I don't think there would be a swarm without a queen. Bees, even without a queen though, can gather and build if necessary. It's just what they do. A queen from a swarm could take longer than 5 days to lay. Other signs to look for would be setting up for a brood nest, like having groups of cells in adjacent combs that are all cleaned out and polished up for the queen. 

It could be that the swarm was a virgin queen from that cell. Maybe the colony swarmed earlier and this was an after swarm. Other empty cells could have been torn down by the time you looked. 

I see queens all the time when I am inspecting my hives, but it seems when I am desperate to find a queen, that's usually when I can't. Patience is a good quality in beekeeping. I have read many threads where someone didn't want to wait a few days and does things to set them back further. You may just buy a new queen and find eggs when you want to release it. 

A good thing about 2 hives, you could take eggs and brood and put it in the swarm hive. If they make queen cells, they need a queen. Sometimes the frame of eggs and brood will be where the new queen finally starts laying. 

Hang on a few more days.


----------



## Crispy (Aug 23, 2016)

Opened up the original hive. Remember, all eight frame mediums. The bottom two boxes are a vast wasteland. Open cells everywhere. A tiny amount of honey. Not many bees hanging out down there. Didn't see any eggs. No larva. No brood.

Top two boxes are solid honey.

On ONE frame only, there were maybe three or four cells that could have been queen cells.

I did see some of my drones still in the hive. So not all drones have been cast out.

Should I put a queen in a queen cage in there?


----------



## DanielD (Jul 21, 2012)

I'd decide next week and see if the swarm is laying. You would need to assure no queens in the two before adding a new queen, and you probably have a queen at some stage in each one. A virgin probably in the original, and a laying queen in the swarm. Next week......


----------



## Crispy (Aug 23, 2016)

So, a related question. In my swarm hive, the bees appear to be drawing comb great and they're taking syrup and bringing in pollen. But they are putting in all of the drawn comb they have. They don't appear to be "reserving" a center section of any frame for the queen to lay in. That seemed wrong.

Thoughts?


----------



## DanielD (Jul 21, 2012)

Swarms are great comb building machines. They need comb so they are programed to build after a swarm. They will put nectar everywhere that's available, but will clear cells when a queen is ready to lay, moving nectar to new comb, etc. You write that there is no brood of any kind in the original hive. They either swarmed a couple weeks before you caught this current one, which would then be an after swarm, or the queen failed right after they made a few supercedure cells. Brood takes 3 weeks from egg to emergence, so it's been a while since you had a laying queen. I would lean towards a virgin in both hives now, if they aren't clearing for a queen to lay. I have seen it often, they will fill everything with nectar in the brood area after a swarm, or split, and open up areas of cells just before a queen is ready. It could have been a supersedure and one virgin swarmed away, though I don't know how possible that is to happen. 

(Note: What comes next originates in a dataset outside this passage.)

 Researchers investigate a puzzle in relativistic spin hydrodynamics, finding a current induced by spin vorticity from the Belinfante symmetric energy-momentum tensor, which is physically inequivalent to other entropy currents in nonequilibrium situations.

One of your problems is, that you have to be sure a colony is hopelessly queenless before you can introduce a new one. If you could spot and remove the queen, fine. Virgin queens are difficult to spot, and seem to be very bashful in my experience. I have looked in nucs and swear there's no queen, only to have eggs and brood a week later.


----------



## Crispy (Aug 23, 2016)

Understood.

My main problem with virgin queens is that everyone in my local club says that I've got a really bad chance of them getting mated now. Most of their drones have been evicted.

I just don't want to wait around hoping my virgin(s) get mated and start laying only to go past a point of no return. I have a chance of getting a mated queen now. I may not in a couple weeks. If nothing else, putting a queen in the old hive would give me a definitive answer if I'm hopelessly queenless or have a virgin queen. If the new queen starts laying, I'm good. If they kill her, then I'm in the same place I am now except a few $ lighter...


----------



## DanielD (Jul 21, 2012)

If you still have drones, there's a chance it will succeed. You're about the same latitude as me, and I have drones in some hives. If the swarm had a virgin queen, it would most likely be mating or mated already and maybe laying next week.


----------



## Crispy (Aug 23, 2016)

I have a source for mated queens that I can get NOW. He's going to sell them or get rid of them by October, so that creates my urgency.

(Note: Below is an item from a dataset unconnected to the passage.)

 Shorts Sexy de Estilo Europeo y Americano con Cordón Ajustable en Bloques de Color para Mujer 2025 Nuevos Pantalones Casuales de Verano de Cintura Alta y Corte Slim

Does anyone have a method for truly determining if you are queenless? 

Or, alternatively, how can I find the virgin queen?


----------



## DanielD (Jul 21, 2012)

It's still September next week. I don't know of another way to check for a queen other than , look, give eggs and early brood and see what they do with it, or shake all the bees through a queen excluder, but a virgin or non laying queen could slip through one.


----------



## Crispy (Aug 23, 2016)

Latest on the Swarm hive. Bees drawing comb like crazy. Storing sugar syrup and pollen. They look to be filling some frames in the correct pattern with honey on the edges and the center reserved. Also, we found the big fat queen. So... she may start laying soon. No eggs as of yet. I'm hoping they swarmed because of a honey bound situation and not because she stopped laying.

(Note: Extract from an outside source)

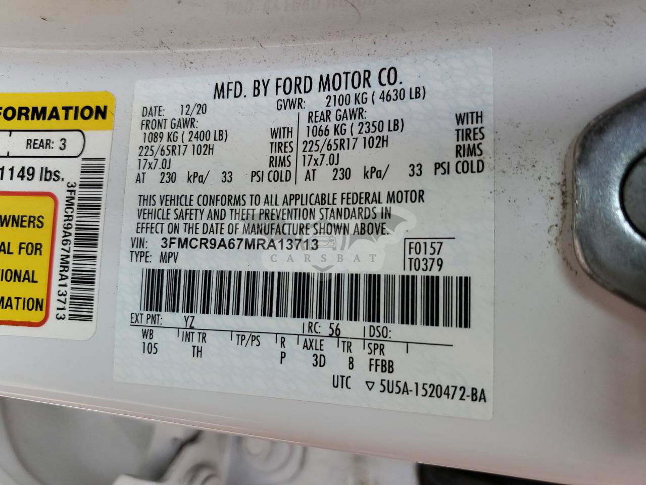 • VIN: 3FMCR9A67MRA13713
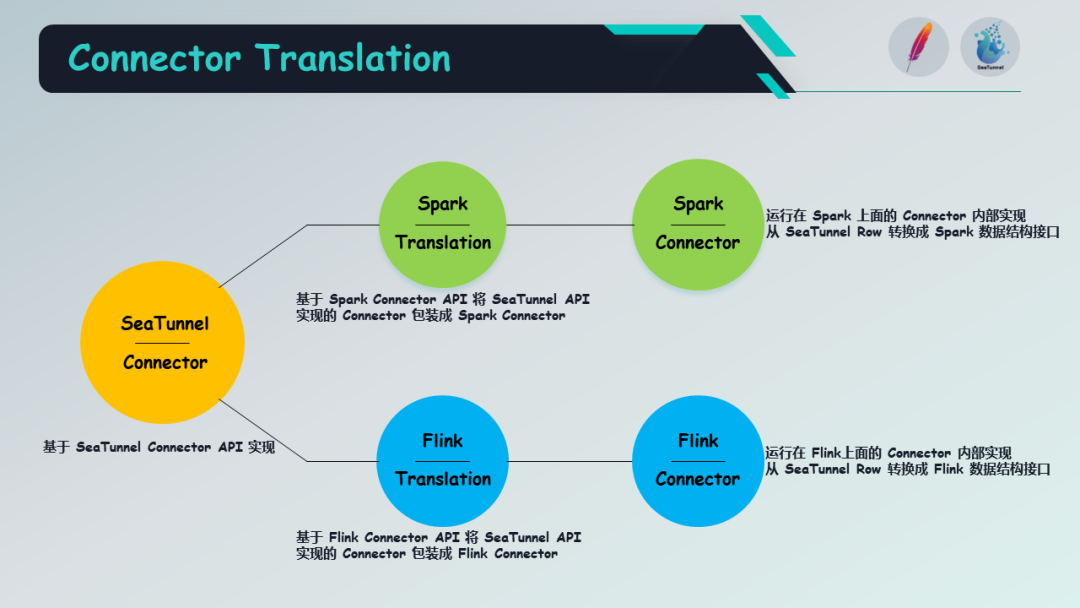 这个翻译层可以根据例如 Spark 的 connector API,将 SeaTunnel 的 API 实现的 connector 包装成一个 Spark connector。

But if she doesn't start laying soon, I will requeen that hive.


----------



## DanielD (Jul 21, 2012)

It's only been a week since the swarm, if I am not mistaken, and it's not unusual for a swarm with old mated queen to take a week to build comb and start laying. Your other queen could be laying the end of next week if successful at mating. If you saw cleaned out cells surrounded by honey and pollen in the swarm hive, you'll see good things next week. The swarm will lay well to build up after the swarm, so if you let it go a couple weeks and combine, you will be fine. I'd see if that original hive virgin queen lays good. You may want to keep that one if you combine them.


----------



## Crispy (Aug 23, 2016)

I am hopeful that the swarm hive will take off and I won't have to do anything with it like you say. My big issue is timing. I have a local source for a mated queen NOW. I won't have it in a couple weeks.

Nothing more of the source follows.